Comment by mike_hock
14 hours ago
Uh ... working around this in each and every piece of software sounds like a non-starter? Intel should be on the hook to fix this.
14 hours ago
Uh ... working around this in each and every piece of software sounds like a non-starter? Intel should be on the hook to fix this.
Use of the "h" register slices (bits 8..15) by compilers is thankfully pretty rare -- otherwise this would have been noticed much sooner!
Agner Fog's optimization guide says "Any use of the high 8-bit registers AH, BH, CH, DH should be avoided because it can cause false dependences and less efficient code."
Use of the "h" register slices (bits 8..15) by compilers is thankfully pretty rare
That's unfortunate, because it's precisely why things like this will keep happening.
Agner Fog's optimization guide says "Any use of the high 8-bit registers AH, BH, CH, DH should be avoided because it can cause false dependences and less efficient code."
The sad vicious cycle of compilers not exercising the hardware, and then the hardware designers not paying attention. Using the high 8-bit registers and "implicitly merging" them is one of the ways to reduce the number of instructions and thus improve size optimisation.
> That's unfortunate, because it's precisely why things like this will keep happening.
I have the opposite opinion. Its use being rare means CPU designers have less need to optimize for that rare case, and hardware optimizations are precisely where these kinds of issues tend to pop up.

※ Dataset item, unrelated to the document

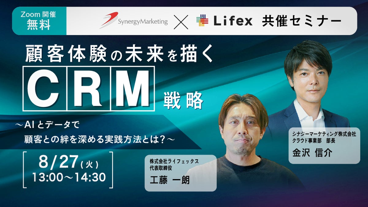 新規獲得からファン化までをトータルで支援するマーケティングプロデュースカンパニー、株式会社ライフェックス(所在地:東京都港区、代表取締役:工藤一朗 以下ライフェックス)は、生活者と企業のより良い関係づくりのために、一歩先のデジタルマーケティング体験を提案するパートナー、シナジーマーケティング株式会社(所在地:大阪市北区、代表取締役社長 兼 CEO:奥平 博史、以下:シナジーマーケティング社)と2024年7月22日に業務提携基本合意書を締結しました。両社のCRMに関する豊富な実績と知見を融合し、質の高いサービスを提供するため、7月31日から、ライフェックスのCRM担当者養成講座「みんなのCRMアカデミー」を、より一層実践的な「みんなのCRMアカデミーPlus(読み方:プラス)」として共同運営を開始します。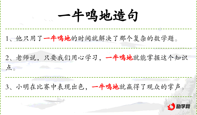 - “一牛鸣地”:这个表达可能是笔误或方言,标准汉语中没有这个表达。可能是想表达“一口气”或“连续不断地”。

And high 8-bit registers are a x86-specific feature, other CPU families don't have it. So that special case being less optimized (or even pessimized) is not much of a loss.
1 reply →
> The sad vicious cycle of compilers not exercising the hardware
There could theoretically be instruction selection passes that are biased toward rare instructions, specialized for fuzzing hardware, I'm surprised Intel doesn't already do that.